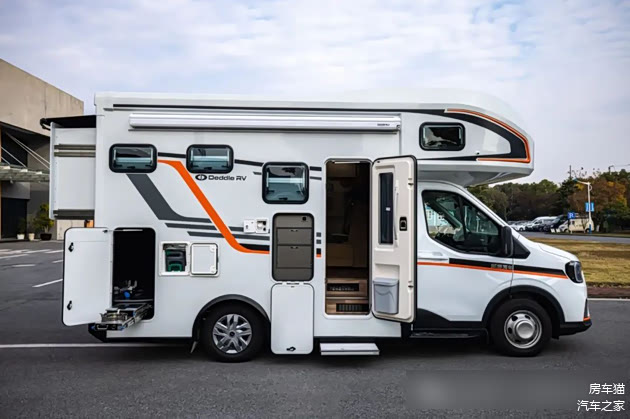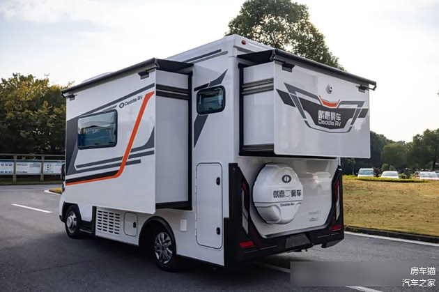此外,车辆还配备了外置抽拉厨房、房车专用遮阳棚+LED灯带等实用性设施,以及尾部贯通式储物舱,满足了长途旅居的行李存放需求。
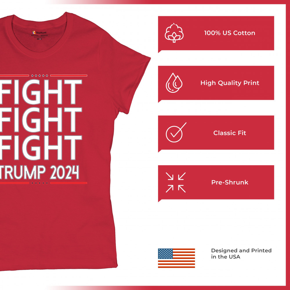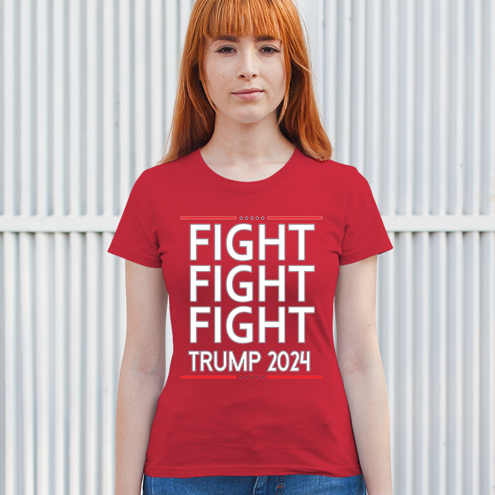 Show your Trump 2024 support with this bold "Fight Fight Fight" design. Perfect for rallies and everyday wear. Stand with America!
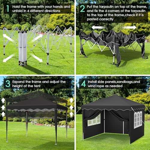 ⛱️【420D Hochwertiges Material】Die Überdachungsplane besteht aufgebraucht hochdichtem 420D Oxford Gewebe,Mit einem versilberten PU,Futter ist es wasserabweisend und UV 50+. jeglicher Nähte sind versiegelt und es hält einem 100% wasserdichten,Verarbeiten Sie den Komfort in Ihrem Garten oder auf Ihrer Terrasse.2 von 4 Seitenteilen sind mit transparenten Fenstern ausgestattet, dadurch erhält man schöne Lichtstrahlen ins Zelt.Sogar im kalten Winter, wenn jeglicher Seitenwände bedeckt wären,genießt Sie ein gutes Lichtverhältnisse.Die Seitenwände sind abnehmbar.
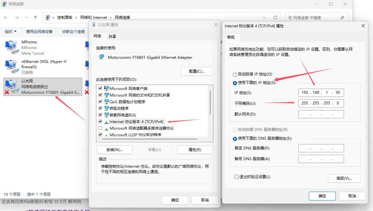 将2USB-A、1xRJ45(网线接口)连接到电脑后,在控制面板-网络和共享中心-更改适配器设置-找到类似以太网等有线连接的物理网口,右键属性,找到Internet协议版本4,双击打开,将有线网卡的地址配置为手动模式,IP为192.168.1.50,网址掩码255.255.255.0,如下图所示

********

# WORK REQUEST
Restate the full listing verbatim and drop every picture.

# OUTPUT
此外,车辆还配备了外置抽拉厨房、房车专用遮阳棚+LED灯带等实用性设施,以及尾部贯通式储物舱,满足了长途旅居的行李存放需求。
 Show your Trump 2024 support with this bold "Fight Fight Fight" design. Perfect for rallies and everyday wear. Stand with America!
 ⛱️【420D Hochwertiges Material】Die Überdachungsplane besteht aufgebraucht hochdichtem 420D Oxford Gewebe,Mit einem versilberten PU,Futter ist es wasserabweisend und UV 50+. jeglicher Nähte sind versiegelt und es hält einem 100% wasserdichten,Verarbeiten Sie den Komfort in Ihrem Garten oder auf Ihrer Terrasse.2 von 4 Seitenteilen sind mit transparenten Fenstern ausgestattet, dadurch erhält man schöne Lichtstrahlen ins Zelt.Sogar im kalten Winter, wenn jeglicher Seitenwände bedeckt wären,genießt Sie ein gutes Lichtverhältnisse.Die Seitenwände sind abnehmbar.
 将2USB-A、1xRJ45(网线接口)连接到电脑后,在控制面板-网络和共享中心-更改适配器设置-找到类似以太网等有线连接的物理网口,右键属性,找到Internet协议版本4,双击打开,将有线网卡的地址配置为手动模式,IP为192.168.1.50,网址掩码255.255.255.0,如下图所示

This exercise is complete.